When garnering support to make a run at a federal party position, the power of words is something that needs to be taken into serious consideration. These words are a political career-killer. No thought went into this statement of Peter’s, if he had thought about his words, they never would have been uttered. Speaking out against the very provinces you are looking to gain the support of, calling them “Alberta-phobic” and “racist” will only work to shove them farther away. These statements of hate only work to further widen the gap, not unite. The power of these words is that of division.
The term racist is over-used in today’s society, and used in this particular manner is not accurate. Racism, is acts/words of hate against a race of people, whereas discrimination is the word he is actually wanting to use, as it is acts/words of hate against someone based upon location, religion, lifestyle choice, etc. Even if this actually applied to the way the other western provinces felt towards Alberta, correct terms are important. The truth though is, other western provinces do not hate Alberta, they want to see Alberta succeed. They want to help Alberta in their battle against an Eastern government that actually does hate the province of Alberta, but also hates the rest of the west. The only western portion that this claim could apply to is the Vancouver-Victoria region. The rest of the western provinces deserve to be treated with respect, especially when the support of those provinces, means a united West, instead of being trapped on an island all alone. Alberta is not alone in this fight, at times it may feel that way, but at some point, in everyone’s life, they will feel alone, even if it is just something the human brain tricks itself into believing.

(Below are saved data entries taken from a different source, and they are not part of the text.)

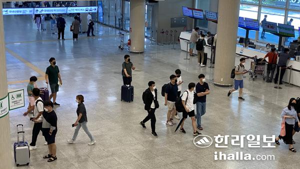 사회적 거리두기 4단계 첫날인 18일 오전 제주여행의 관문인 제주국제공항과 제주여객선 터미널은 비교적 한산한 모습을 보였다.
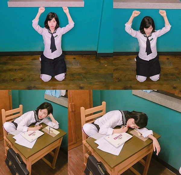 공개된 사진 속 도희는 교실 복도에 꿇어 앉아 벌을 서고 있다. 기가 죽은 듯 시무룩한 표정이 귀여움을 유발한다.
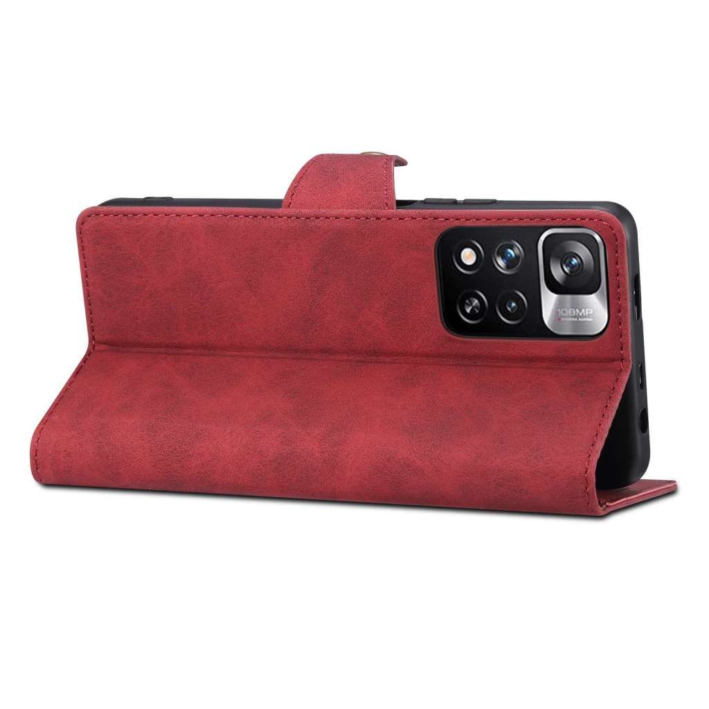 Usnjen klapponni ovitek za Redmi Note 11 Pro+ 5G, crveni – Zaštita telefona u ekranu prije prskanja u padci, Prostor za kreditne kartice, Ugrađena pohrana, Magnetno zatvaranje.
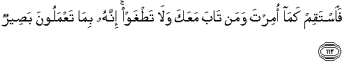 112. Maka tetaplah kamu pada jalan yang benar, sebagaimana diperintahkan kepadamu dan (juga) orang yang telah taubat beserta kamu dan janganlah kamu melampaui batas. Sesungguhnya Dia Maha Melihat apa yang kamu kerjakan.

The purpose then, becomes choose words carefully. Think about them. Words have the power to divide, the power to encourage, the power to destroy, but they also have the power to heal, the power to show love, the power to reach out an olive branch. A branch of forgiveness. Western Canada may have had their differences over the years, but none that should make Alberta doubt how much the rest of the West wishes them to succeed and become prosperous again. Put aside angry words. Put away divisive words. Family forgives, family moves beyond problems, and family works together. Though Peter’s words are not appropriate and do not show the foresight of a true leader, that does not mean that provinces need to let this wedge grow. Put it aside, join in the battle for a better tomorrow. Work together to make changes, save our Nation. Find a leader who has the skills to guide, the foresight to think about their words, their actions, and their reactions. Most importantly think, always think. Think before you speak, think before you type, think before you act. Educate yourself, so as to make informed decisions. Learning, and an open mind while learning, are what will lead to positive change. Change the West fights for together, as one. By working together, these provinces can fix what Trudeau and his Liberal Party, with the support of much of the East, the UN, and clandestine American organizations, has set out to destroy. Stick together, just use caution when choosing whom to follow. Pay attention to the words chosen, the actions taken, and how much respect they show for those around them.
“Forgiveness is here. Move forward. Make tomorrow a better future for the next generations.”